══ The input ══

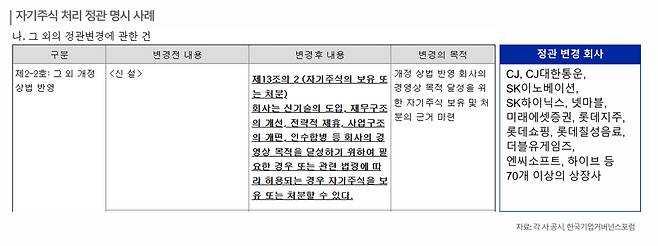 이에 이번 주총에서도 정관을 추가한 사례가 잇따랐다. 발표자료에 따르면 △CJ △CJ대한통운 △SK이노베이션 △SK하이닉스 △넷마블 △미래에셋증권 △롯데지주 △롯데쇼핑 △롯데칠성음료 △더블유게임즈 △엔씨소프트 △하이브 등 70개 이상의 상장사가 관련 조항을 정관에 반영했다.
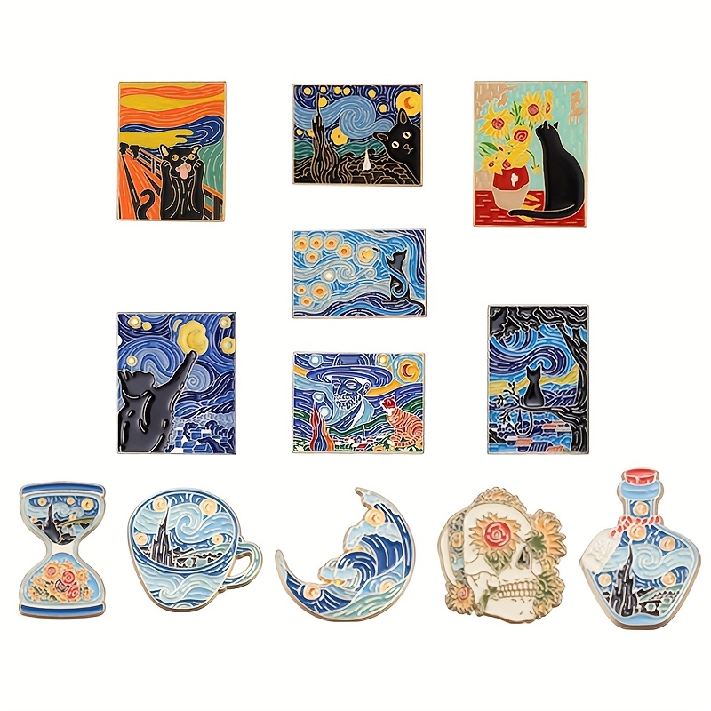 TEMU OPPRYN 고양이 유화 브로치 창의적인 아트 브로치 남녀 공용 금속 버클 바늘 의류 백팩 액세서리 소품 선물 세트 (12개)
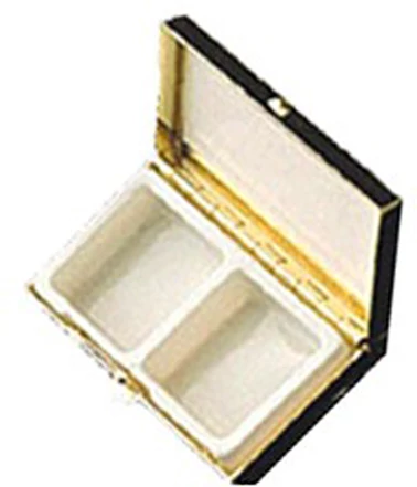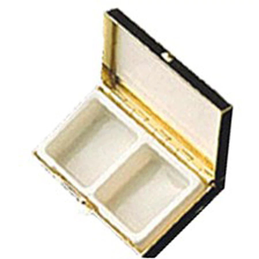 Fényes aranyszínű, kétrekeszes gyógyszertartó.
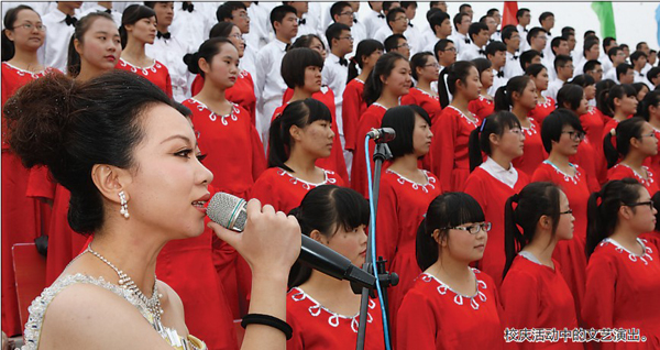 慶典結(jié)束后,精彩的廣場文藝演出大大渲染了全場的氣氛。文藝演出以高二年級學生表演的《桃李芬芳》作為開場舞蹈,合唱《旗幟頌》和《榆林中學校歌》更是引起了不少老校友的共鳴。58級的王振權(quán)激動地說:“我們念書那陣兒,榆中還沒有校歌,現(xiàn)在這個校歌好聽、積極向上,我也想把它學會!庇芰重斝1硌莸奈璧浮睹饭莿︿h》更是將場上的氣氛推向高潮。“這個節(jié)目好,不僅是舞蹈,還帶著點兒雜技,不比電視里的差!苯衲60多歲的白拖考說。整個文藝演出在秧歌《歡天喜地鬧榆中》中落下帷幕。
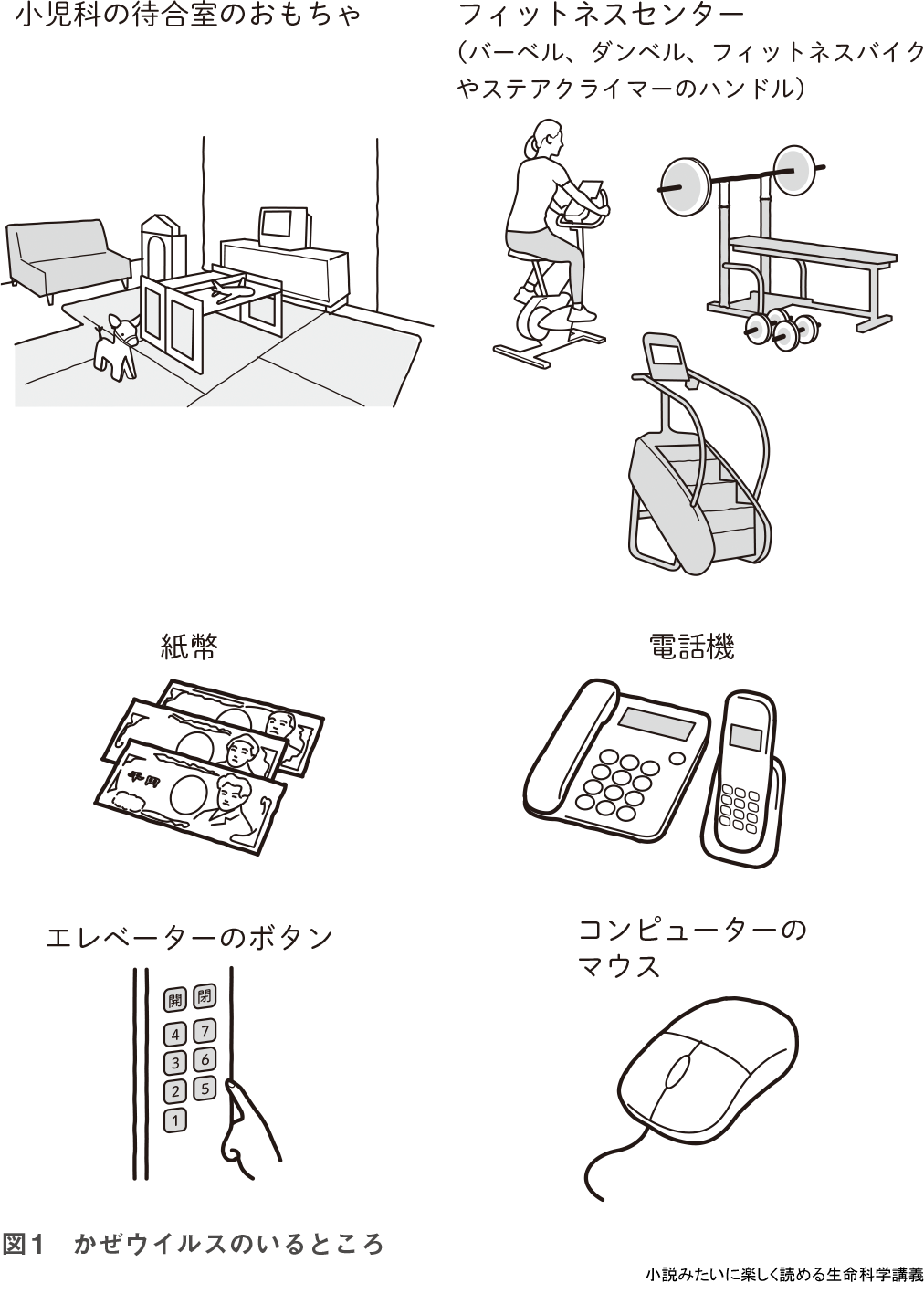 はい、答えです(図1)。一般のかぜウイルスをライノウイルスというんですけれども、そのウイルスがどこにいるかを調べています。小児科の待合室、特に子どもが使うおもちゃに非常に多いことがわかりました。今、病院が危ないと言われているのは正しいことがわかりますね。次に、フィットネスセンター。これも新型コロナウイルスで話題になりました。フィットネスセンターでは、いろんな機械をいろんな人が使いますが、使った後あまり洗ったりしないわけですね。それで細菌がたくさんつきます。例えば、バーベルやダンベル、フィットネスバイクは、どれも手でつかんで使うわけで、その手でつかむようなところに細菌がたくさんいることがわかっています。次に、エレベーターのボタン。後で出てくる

═══
══ The input ══

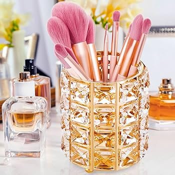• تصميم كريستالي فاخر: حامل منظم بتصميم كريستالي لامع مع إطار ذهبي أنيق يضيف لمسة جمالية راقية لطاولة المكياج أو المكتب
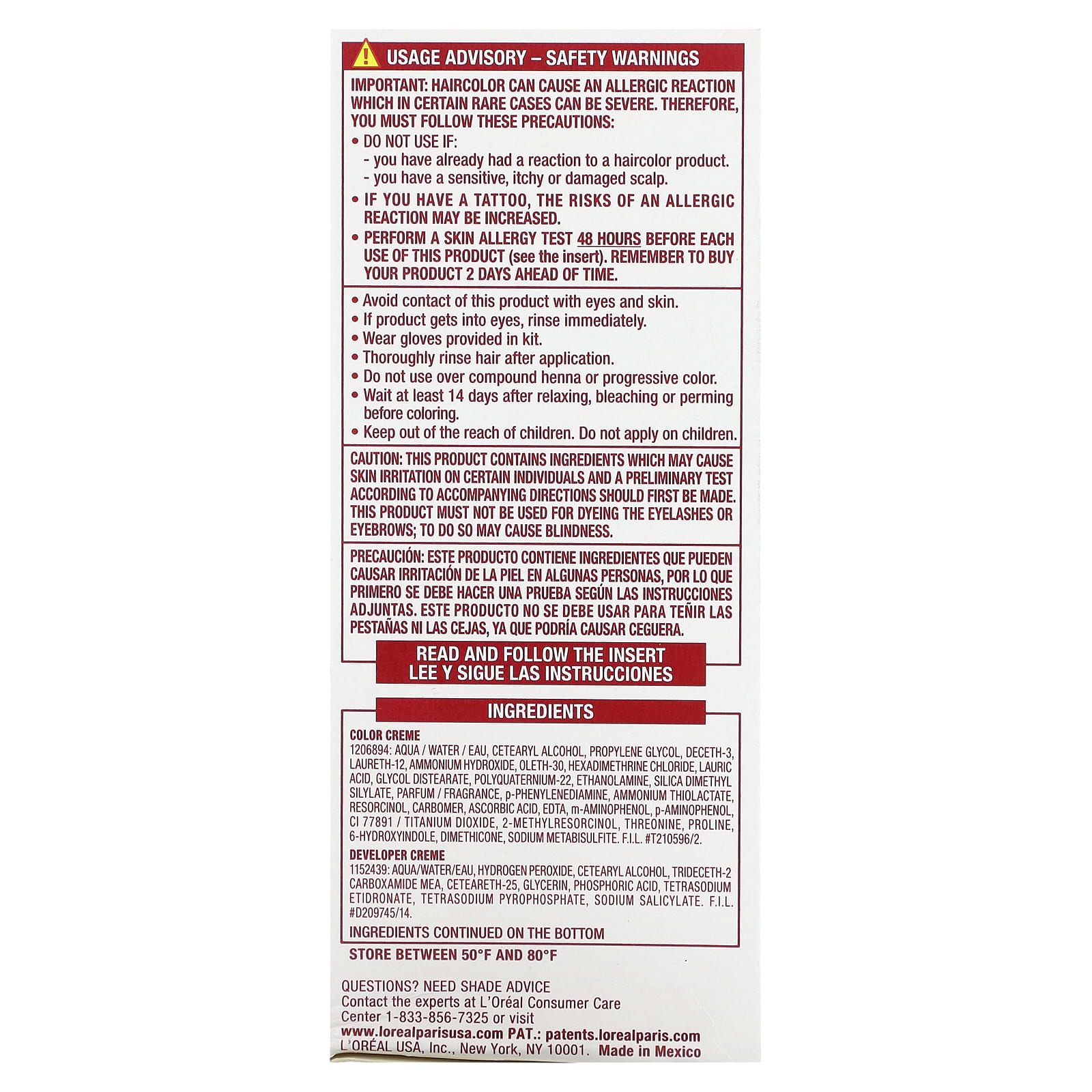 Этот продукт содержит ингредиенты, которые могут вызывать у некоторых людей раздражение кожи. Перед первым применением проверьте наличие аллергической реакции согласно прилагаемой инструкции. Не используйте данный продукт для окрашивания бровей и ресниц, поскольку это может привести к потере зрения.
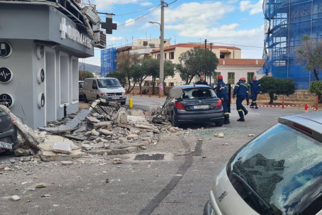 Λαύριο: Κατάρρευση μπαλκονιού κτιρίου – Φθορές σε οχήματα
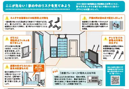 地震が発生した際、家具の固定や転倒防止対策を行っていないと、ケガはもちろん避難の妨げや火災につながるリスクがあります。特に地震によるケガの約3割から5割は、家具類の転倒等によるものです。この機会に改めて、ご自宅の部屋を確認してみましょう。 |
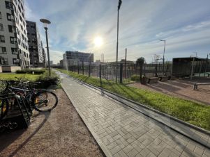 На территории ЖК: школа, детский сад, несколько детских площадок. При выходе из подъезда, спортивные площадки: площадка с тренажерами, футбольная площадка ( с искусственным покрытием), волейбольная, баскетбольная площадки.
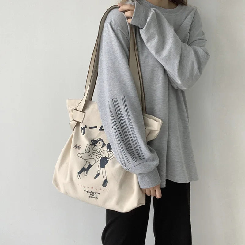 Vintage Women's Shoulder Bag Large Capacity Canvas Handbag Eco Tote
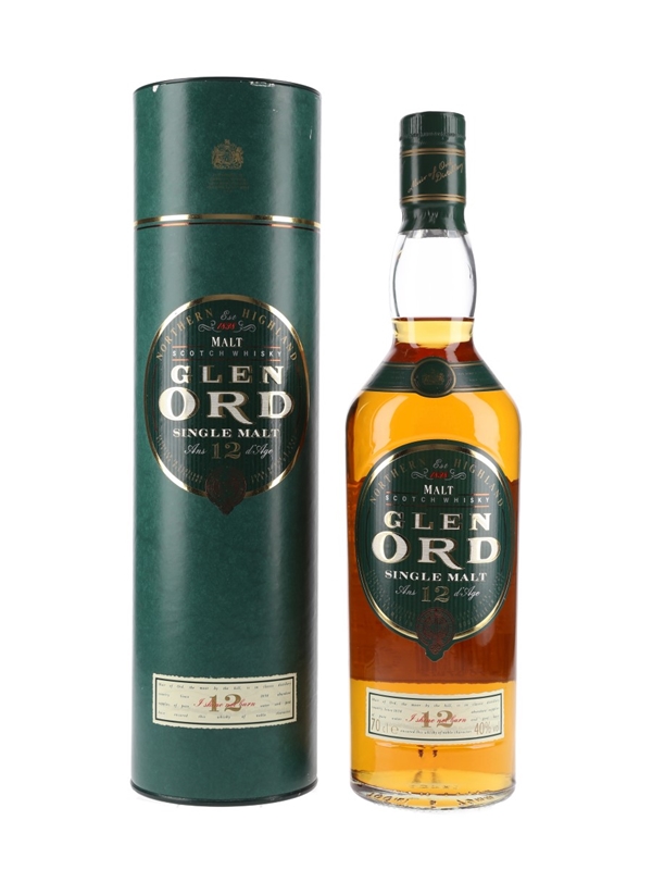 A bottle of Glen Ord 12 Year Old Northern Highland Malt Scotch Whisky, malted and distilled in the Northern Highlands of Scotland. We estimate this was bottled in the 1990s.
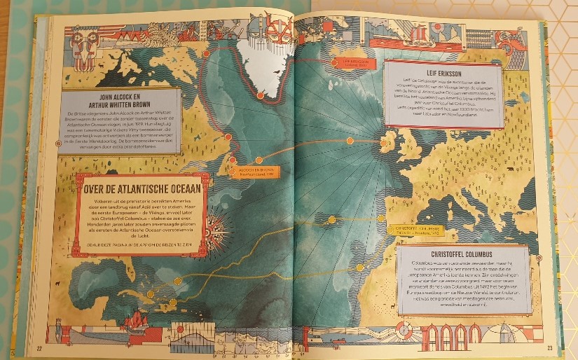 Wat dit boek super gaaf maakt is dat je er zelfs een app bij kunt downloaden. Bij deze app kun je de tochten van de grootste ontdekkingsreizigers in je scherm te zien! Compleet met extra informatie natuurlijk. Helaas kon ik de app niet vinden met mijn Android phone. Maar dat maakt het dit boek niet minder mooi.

═══

**Work to be completed**. Could you transcribe exactly the entries above, but only the lines from the one with "이에 이번 주총에서도" through the one with "Fényes aranyszínű, kétrekeszes", and without pictures?

**Finished task**.
 이에 이번 주총에서도 정관을 추가한 사례가 잇따랐다. 발표자료에 따르면 △CJ △CJ대한통운 △SK이노베이션 △SK하이닉스 △넷마블 △미래에셋증권 △롯데지주 △롯데쇼핑 △롯데칠성음료 △더블유게임즈 △엔씨소프트 △하이브 등 70개 이상의 상장사가 관련 조항을 정관에 반영했다.
 TEMU OPPRYN 고양이 유화 브로치 창의적인 아트 브로치 남녀 공용 금속 버클 바늘 의류 백팩 액세서리 소품 선물 세트 (12개)
 Fényes aranyszínű, kétrekeszes gyógyszertartó.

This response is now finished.